--- START ---

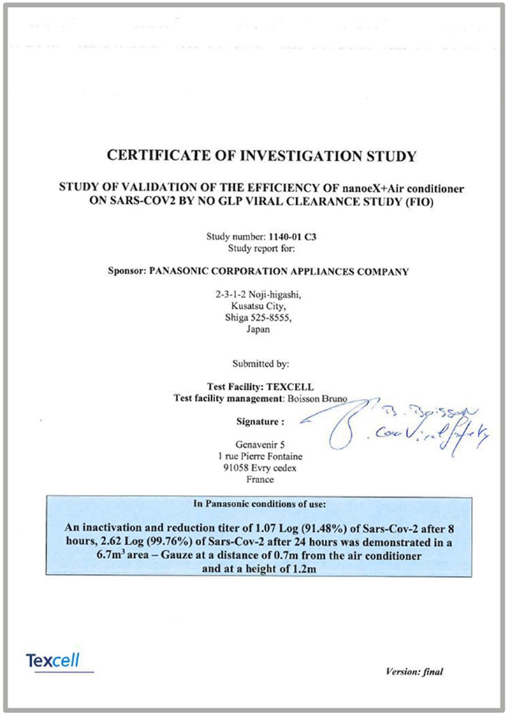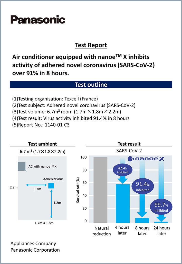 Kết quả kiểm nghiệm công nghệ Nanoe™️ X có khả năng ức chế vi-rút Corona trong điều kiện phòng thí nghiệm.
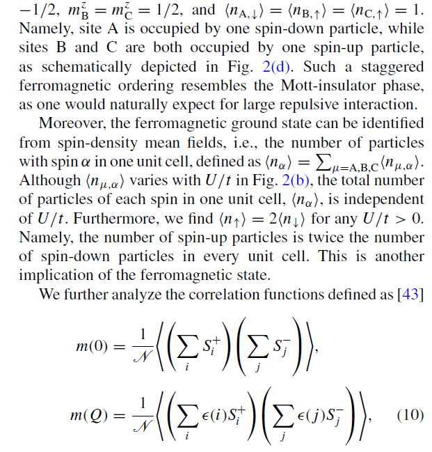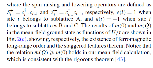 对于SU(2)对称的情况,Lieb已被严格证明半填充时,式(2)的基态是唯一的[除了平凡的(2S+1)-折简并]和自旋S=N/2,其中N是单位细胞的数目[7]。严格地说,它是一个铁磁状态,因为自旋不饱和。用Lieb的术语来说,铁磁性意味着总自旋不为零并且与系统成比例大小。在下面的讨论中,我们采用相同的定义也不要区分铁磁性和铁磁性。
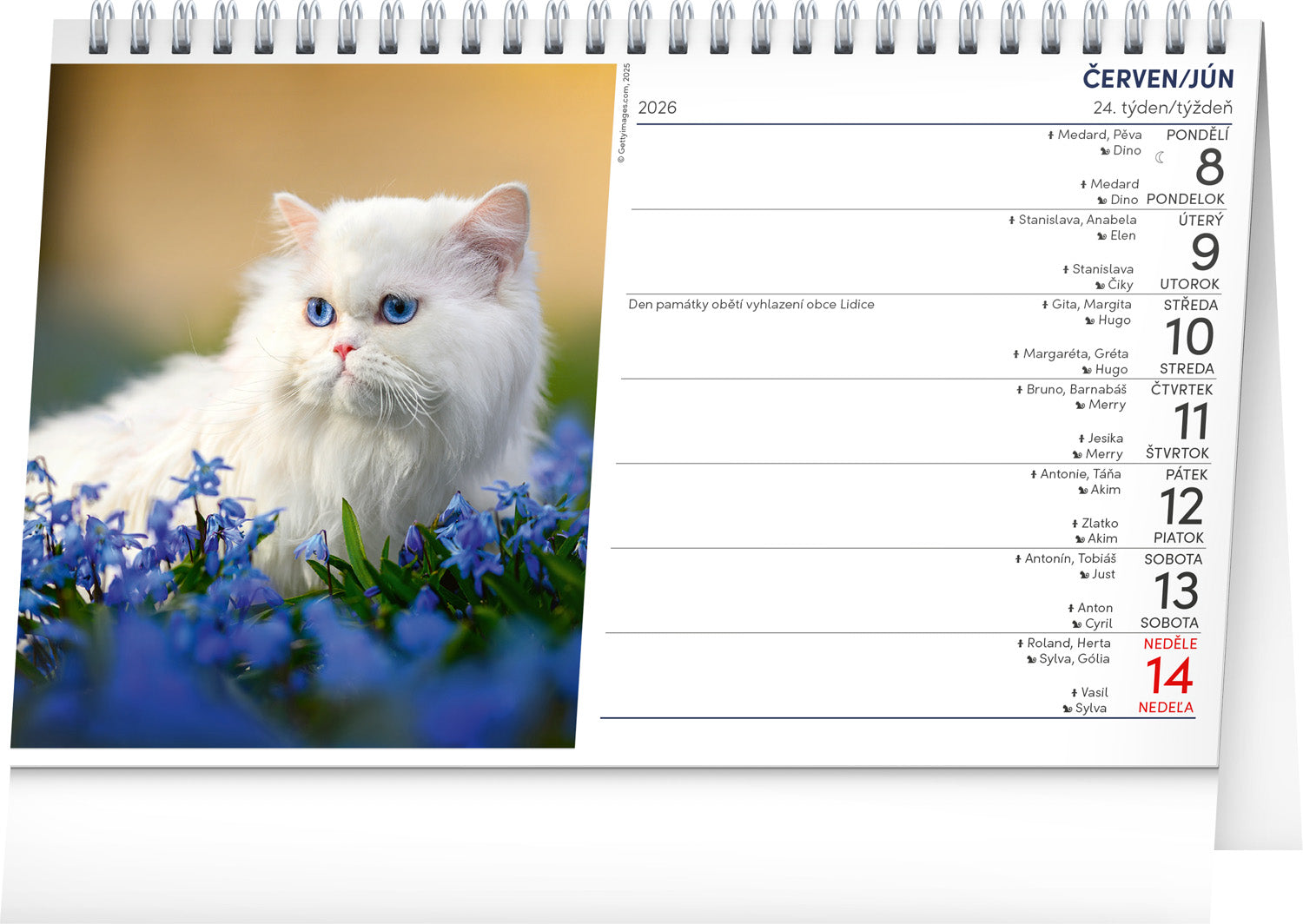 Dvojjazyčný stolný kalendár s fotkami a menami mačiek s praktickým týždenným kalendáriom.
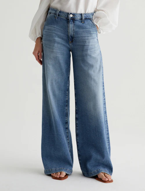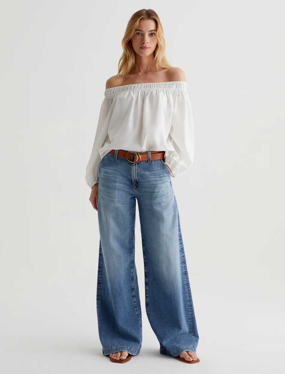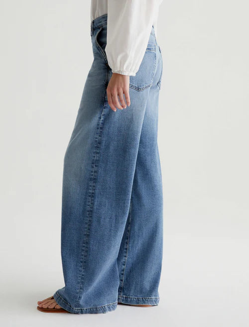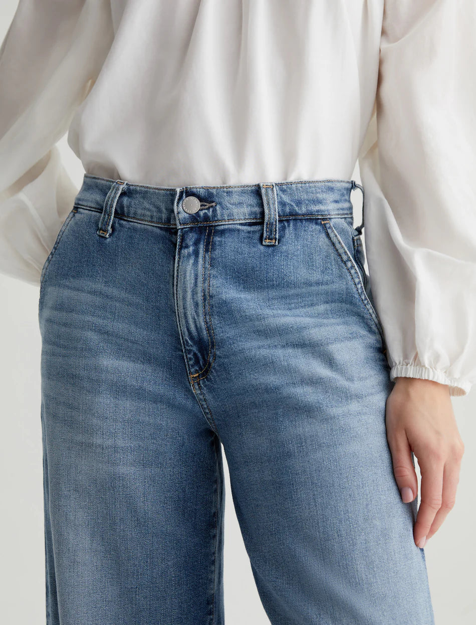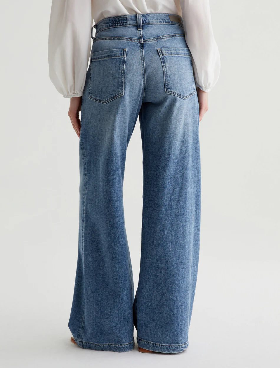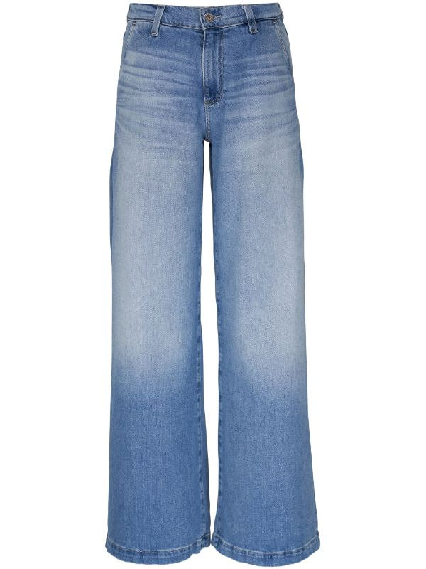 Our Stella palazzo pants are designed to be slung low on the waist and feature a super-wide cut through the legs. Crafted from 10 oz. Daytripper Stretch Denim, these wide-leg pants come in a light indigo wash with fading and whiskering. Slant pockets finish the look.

--- END ---

[YOUR TASK] Starting with the line that contains "Dvojjazyčný stolný kalendár", give the lines again exactly as they appear through the last line of the data, pictures excluded.

[TASK RESPONSE]
 Dvojjazyčný stolný kalendár s fotkami a menami mačiek s praktickým týždenným kalendáriom.
 Our Stella palazzo pants are designed to be slung low on the waist and feature a super-wide cut through the legs. Crafted from 10 oz. Daytripper Stretch Denim, these wide-leg pants come in a light indigo wash with fading and whiskering. Slant pockets finish the look.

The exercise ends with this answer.